> **Work order**
Print the lines in the listing below starting at the line with "Thông qua các" and ending at the line with "總而言之,中國版CRS的實施", both included. Reproduce them exactly and omit every picture.

> **Data records**
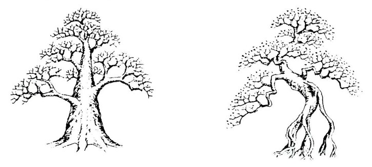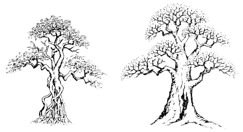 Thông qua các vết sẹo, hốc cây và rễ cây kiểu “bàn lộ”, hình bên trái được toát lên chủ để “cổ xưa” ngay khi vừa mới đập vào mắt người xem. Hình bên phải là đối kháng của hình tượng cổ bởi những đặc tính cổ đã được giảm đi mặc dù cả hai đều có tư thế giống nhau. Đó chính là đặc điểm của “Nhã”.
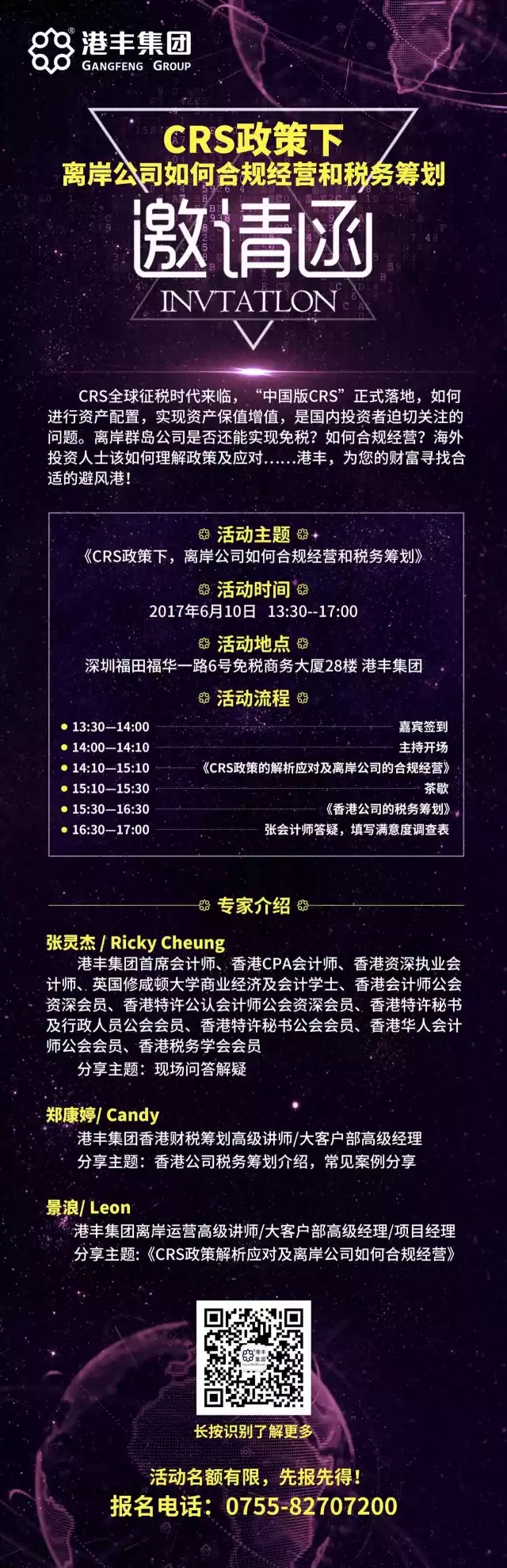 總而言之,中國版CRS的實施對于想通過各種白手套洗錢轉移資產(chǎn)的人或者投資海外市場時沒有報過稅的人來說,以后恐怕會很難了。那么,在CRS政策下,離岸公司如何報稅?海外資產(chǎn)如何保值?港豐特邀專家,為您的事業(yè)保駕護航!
...
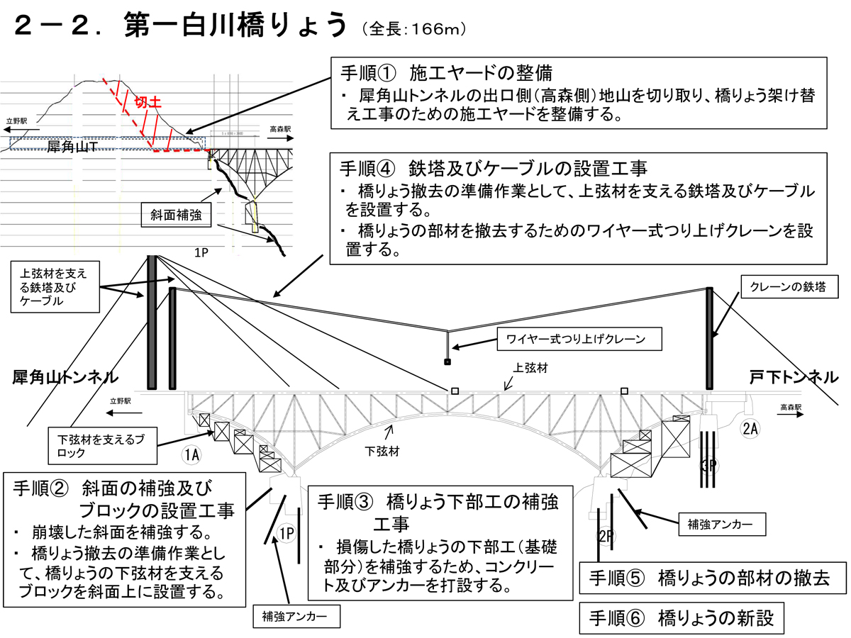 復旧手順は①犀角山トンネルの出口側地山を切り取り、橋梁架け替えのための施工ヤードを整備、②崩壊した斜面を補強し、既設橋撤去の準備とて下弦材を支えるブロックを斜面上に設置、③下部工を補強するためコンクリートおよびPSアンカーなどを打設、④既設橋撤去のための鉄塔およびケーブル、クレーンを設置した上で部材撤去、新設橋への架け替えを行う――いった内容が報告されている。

> **Response to this task**
 Thông qua các vết sẹo, hốc cây và rễ cây kiểu “bàn lộ”, hình bên trái được toát lên chủ để “cổ xưa” ngay khi vừa mới đập vào mắt người xem. Hình bên phải là đối kháng của hình tượng cổ bởi những đặc tính cổ đã được giảm đi mặc dù cả hai đều có tư thế giống nhau. Đó chính là đặc điểm của “Nhã”.
 總而言之,中國版CRS的實施對于想通過各種白手套洗錢轉移資產(chǎn)的人或者投資海外市場時沒有報過稅的人來說,以后恐怕會很難了。那么,在CRS政策下,離岸公司如何報稅?海外資產(chǎn)如何保值?港豐特邀專家,為您的事業(yè)保駕護航!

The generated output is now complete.